In this post, I discuss misalignment, misuse, and their interaction. I’ll pay special attention to misalignment, not because misuse is unimportant, but because the difficulty of controlling ML systems “even if we wanted to” is unintuitive and an important factor in overall risks from AI. I’ll focus on a particular phenomenon, unwanted drives, that could lead models to engage in persistent long-term patterns of unwanted behavior, including seeking power and resources. Unwanted drives are similar in spirit to the idea of misspecified goals, but I use drives to connote the idea that not all impactful behavior is goal-directed (as a vivid example, consider a bull in a china shop). Furthermore, as we'll see below, goal misspecification is only one way that unwanted drives can occur.
Unwanted drives are at the core of many misalignment concerns, but are also significantly exacerbated by misuse. As a result, misuse and misalignment are intertwined—for instance, it might be moderately difficult but not impossible to mitigate AI misalignment, but an incautious actor fails to employ known best practices, leading to a dangerous and powerful system.
The present discussion is not meant to exhaustively cover all risks from AI, nor even all risks from misalignment and misuse. The goal is to articulate the concept of unwanted drives, show that it can lead to important and unintuitive problems, and then use it as a way to analyze misalignment and misuse risks. I discuss alignment in Section 1 below, followed by misuse (and its interaction with misalignment) in Section 2.
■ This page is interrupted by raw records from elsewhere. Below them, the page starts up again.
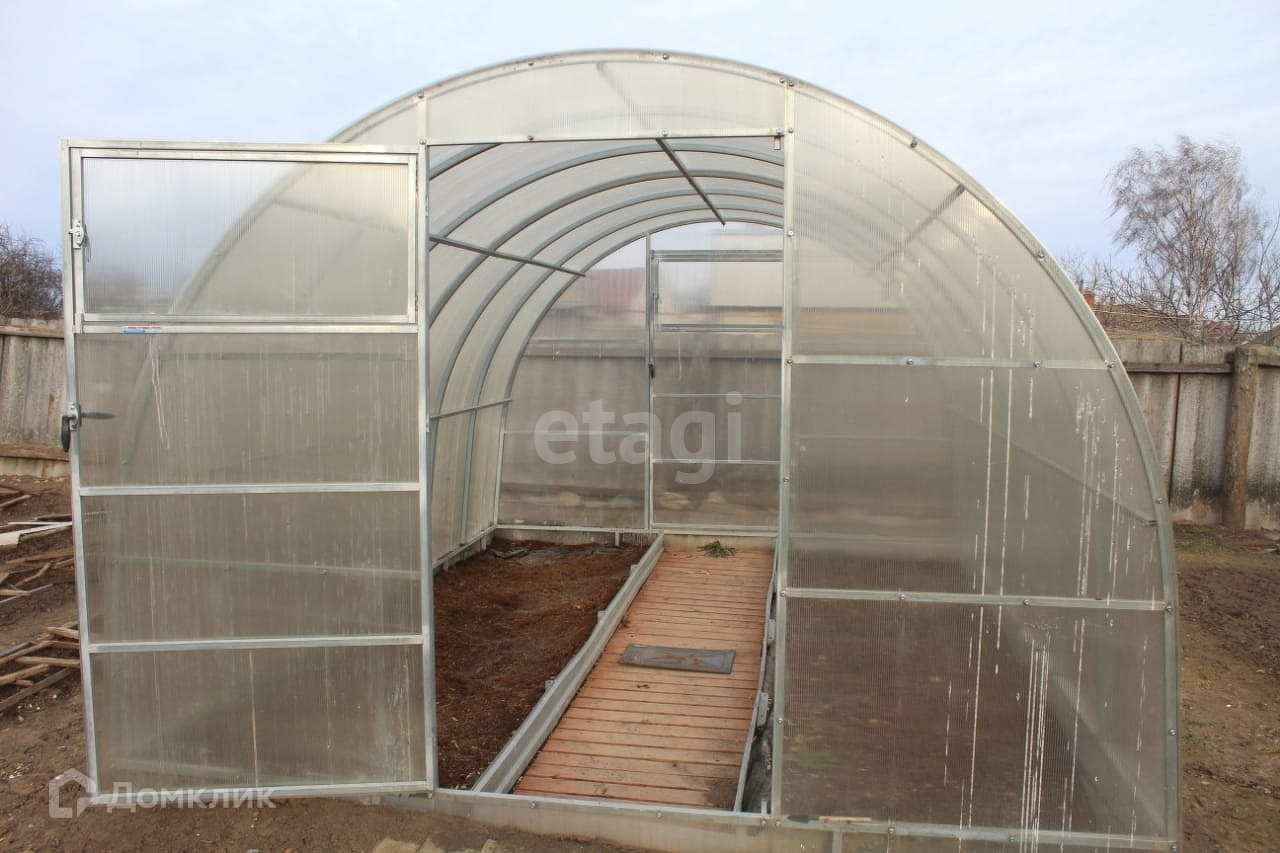 Железные ворота, сарай из кирпича, есть погреб. Участок огорожен. Во дворе остаются строительные материалы (блок), хорошие стационарные качели, дровяник с дровами для бани.
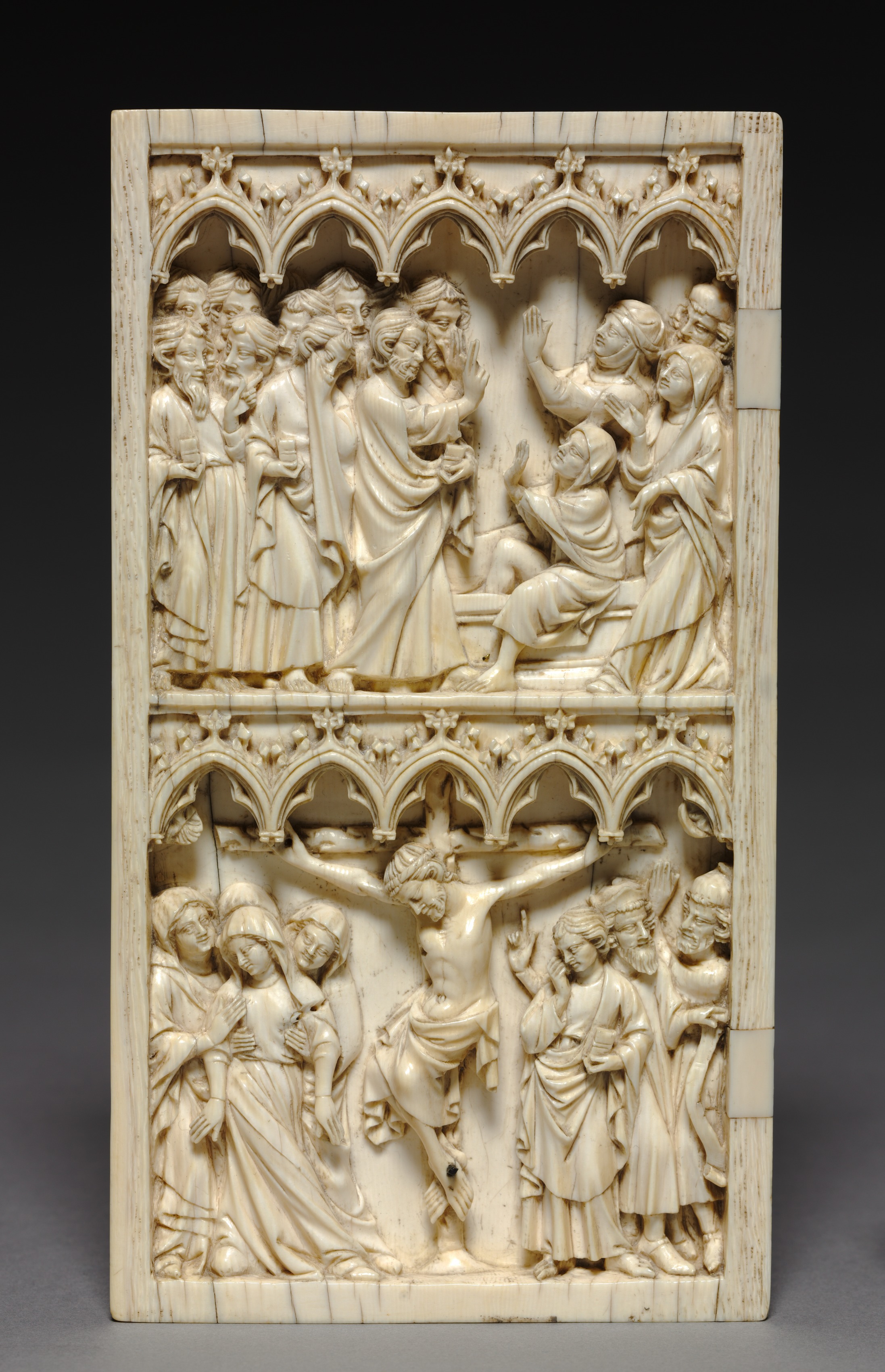 Rectangular ivory relief sculpture with two scenes. Top scene depicts a man in a long robe standing with right arm raised, left arm bent at elbow, standing over another figure on the ground; onlookers to the left and right. Top scene has three arches above figures. Bottom scene depicts a crucified man with outstretched arms and a crowd of onlookers; some figures have hands clasped or raised. Bottom scene also has three arches above figures. Figures wear robes; some have head coverings. The relief is set against a dark background. The relief is likely by an unknown artist and titled "Diptych with Scenes from the Life of Christ (left wing: Raising of Lazarus and Crucifixion)".
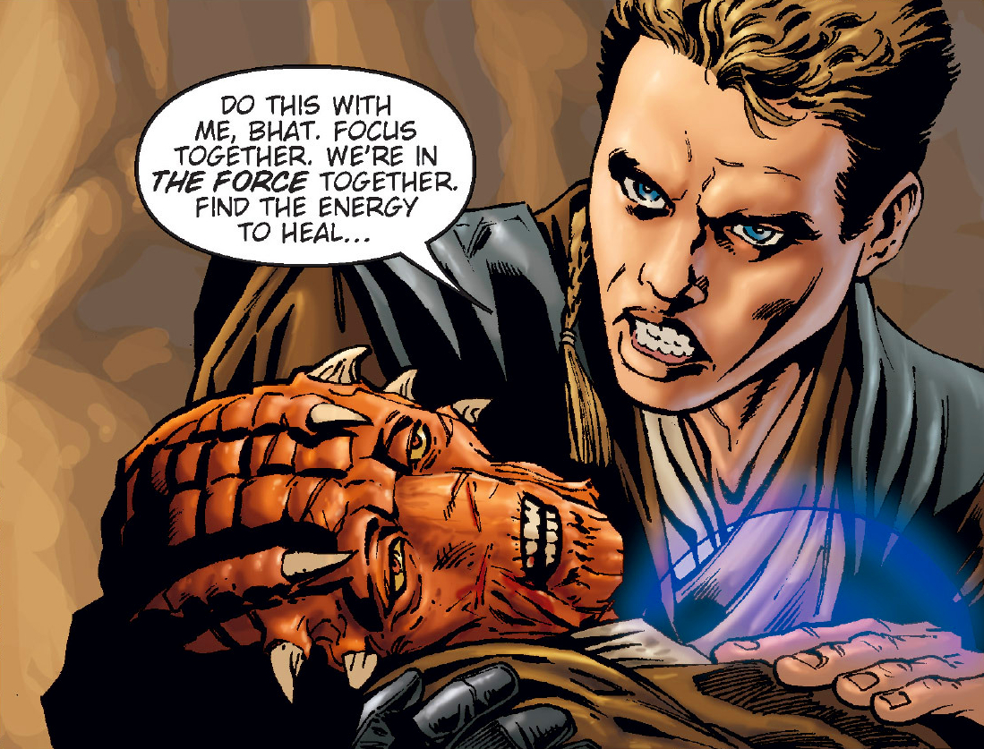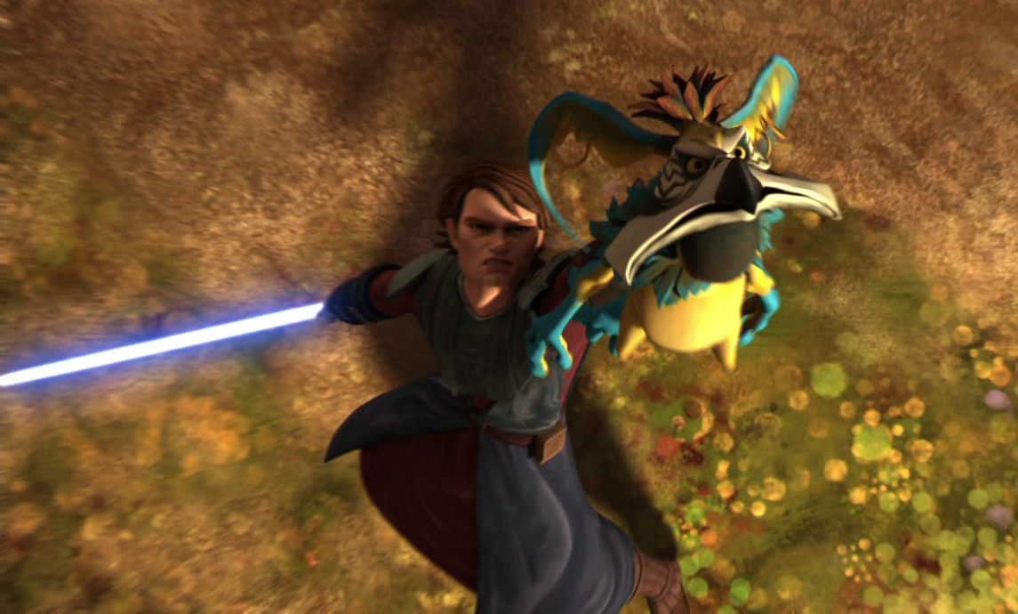 During the Battle of Geonosis, Skywalker displayed some skill in Animal friendship, allowing him to ride the Reek that was present in the arena.[12] His skills with Force healing were so poor that he did not bother trying to heal Obi-Wan when his friend was wounded by a bomb.[296]

1. Misalignment: The Difficulty of Controlling ML Systems
As stated above, ML systems are adapted to data rather than built piece-by-piece. The situation we face is therefore much trickier than with software or hardware reliability. With software, we build each component ourselves and so can (in principle) include safety and reliability in the design; in contrast, most ML capabilities are acquired implicitly from data and often “emerge” unexpectedly with scale. This creates a large and unknown threat surface of possible failures—for instance, Perez et al. (2022) discovered several novel unwanted capabilities through automated evaluations. As a result of these issues, we currently have no methods to reliably steer AI systems’ behavior (Bowman, 2023).
Here is the basic argument for why emergent behavior could lead to intrinsically dangerous systems: Emergence can lead systems to have unwanted drives, either because a new capability lets the system maximize reward in an unintended way (reward hacking), or because the system learns helpful sub-skills during training that generalize undesirably at test time (emergent drives). Left unchecked, some unwanted drives could lead to general-purpose power-seeking or resource acquisition, because having more power and resources are convergent instrumental subgoals useful for a broad variety of terminal goals. The resulting system would seek resources without limit, which could pose grave risks if it also has advanced capabilities in hacking, persuasion, and other domains, which I believe is plausible by 2030 given current trends.
In more detail, an unwanted drive is a coherent behavior pattern that tends towards an undesired outcome. For instance, if a model simply hallucinates a fact, that is an unwanted behavior (but not drive); if it insists on the hallucinated fact and works to convince the user that it is true even in the face of skepticism, that would be an unwanted drive. We care about drives (as opposed to simply behaviors) because they lead to persistent behavior patterns and may even resist attempts at intervention. Emergence isn't necessary for unwanted drives, but it's a reason why they might appear unexpectedly.
In the rest of this section, I’ll walk through reward hacking and emergent drives in detail, providing both empirical and conceptual evidence that they already occur and will get worse as systems scale. Then I’ll briefly talk about emergent instrumental subgoals and why they could lead to power-seeking systems.
Unwanted Drives
We define a drive as a coherent pattern of behavior that pushes the system or its environment towards an outcome or set of outcomes[1]. Drives may only sometimes be present, and may be counteracted by other drives or by the environment. For instance, chatbots like GPT-4 have a drive to be helpful (that can be counteracted by the opposing drive to avoid harm). For humans, hunger is a drive that can be counteracted by satiety or by willfully fasting. An unwanted drive is then one that was not explicitly built into the system, and which leads to undesired consequences.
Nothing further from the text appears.